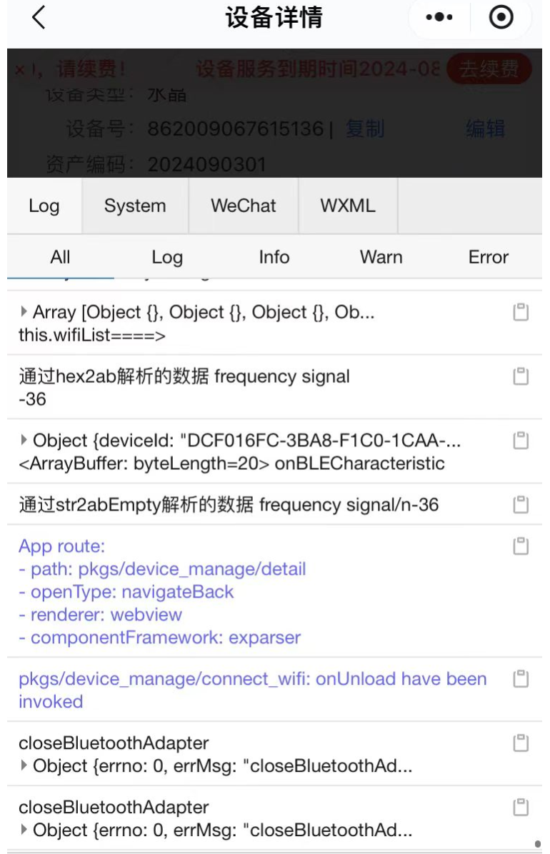 安卓端、iOS端 多次写入数据wx.writeBLECharacteristicValue 偶现wx.onBLECharacteristicValueChange无回调 有时候收到第一条数据后后面无回调 有时候是接收到了硬件方发送的一半数据 硬件方始终是20字节 我这边也没有超过20字节 这里的wifiListStr我会在设备端发送给我sendWifiListOK之后重新解析一遍 当前这个代码是当做一个mixins使用的 frequency signal 是硬件发送的自定义数据(第一条数据),后面就没执行了也没报错 返回上个页面关闭了蓝牙适配器
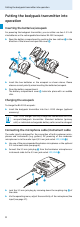 Using the bodypack transmitter Using the bodypack transmitter To establish a transmission link, proceed as follows: 1. Switch the receiver on (see the instruction manual of the receiver). 2. Switch the bodypack transmitter on (see below). The transmission link is established and the receiver’s RF level display “RF” reacts. Switching the bodypack transmitter on/off 왘 Push the two battery compartment catches compartment cover .
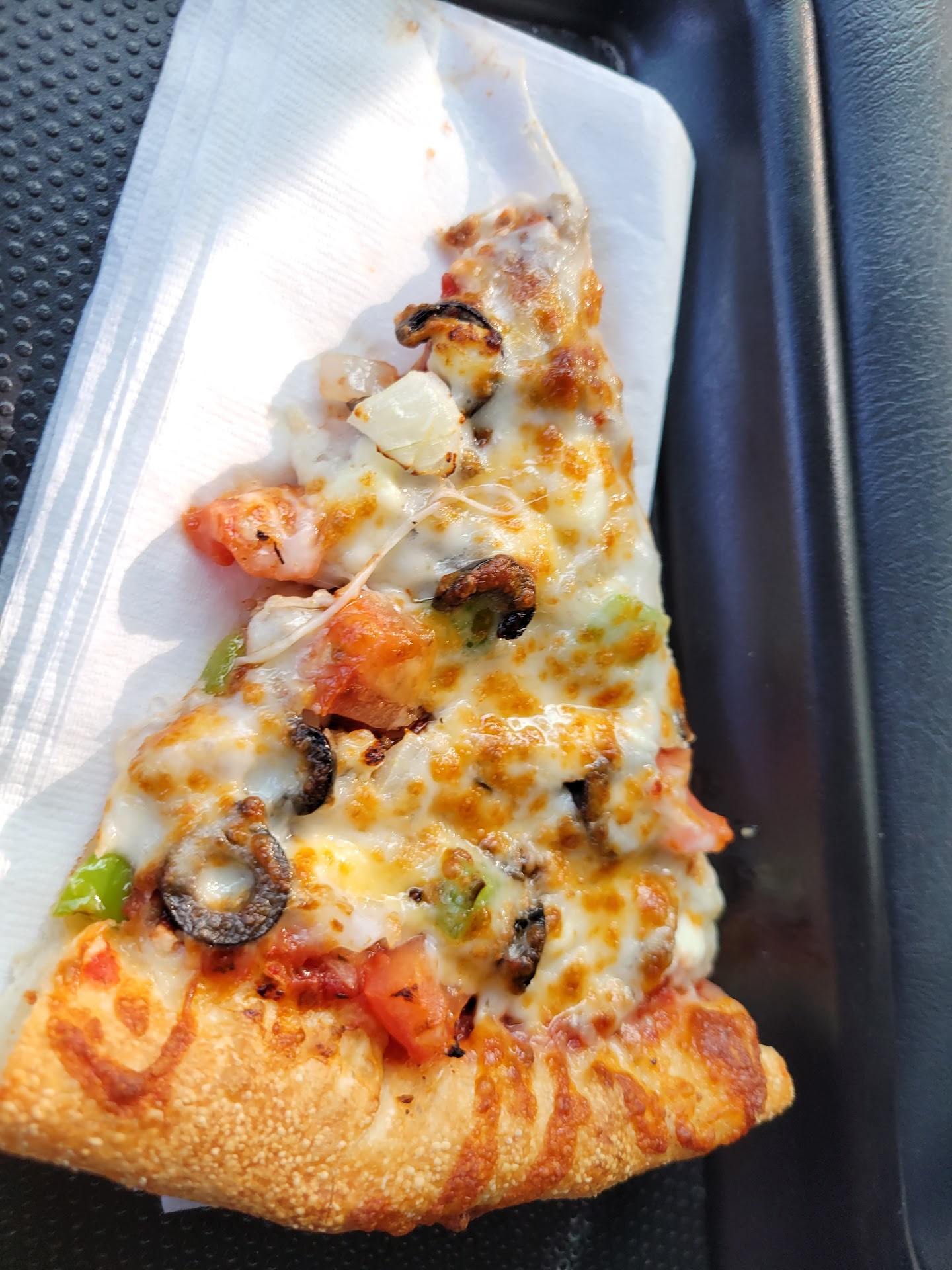-the guy who helped me was an awesome older gentlemen, very respectful and had great rapport with me and another customer picking up their order -yet again they hooked me up with a coupon he suggested the cheesy bread, and, it's not disappointing! food was hot and ready in a very timely manner, even though my order was one of many THE OLD GUY HOPPED ON MY LONG BOARD!!! and actually held up, which was impressive. i am very satified.

###

• _Exercise details_
Everything in the listing must be copied exactly except the pictures.

• _Task answer_
 安卓端、iOS端 多次写入数据wx.writeBLECharacteristicValue 偶现wx.onBLECharacteristicValueChange无回调 有时候收到第一条数据后后面无回调 有时候是接收到了硬件方发送的一半数据 硬件方始终是20字节 我这边也没有超过20字节 这里的wifiListStr我会在设备端发送给我sendWifiListOK之后重新解析一遍 当前这个代码是当做一个mixins使用的 frequency signal 是硬件发送的自定义数据(第一条数据),后面就没执行了也没报错 返回上个页面关闭了蓝牙适配器
 Using the bodypack transmitter Using the bodypack transmitter To establish a transmission link, proceed as follows: 1. Switch the receiver on (see the instruction manual of the receiver). 2. Switch the bodypack transmitter on (see below). The transmission link is established and the receiver’s RF level display “RF” reacts. Switching the bodypack transmitter on/off 왘 Push the two battery compartment catches compartment cover .
-the guy who helped me was an awesome older gentlemen, very respectful and had great rapport with me and another customer picking up their order -yet again they hooked me up with a coupon he suggested the cheesy bread, and, it's not disappointing! food was hot and ready in a very timely manner, even though my order was one of many THE OLD GUY HOPPED ON MY LONG BOARD!!! and actually held up, which was impressive. i am very satified.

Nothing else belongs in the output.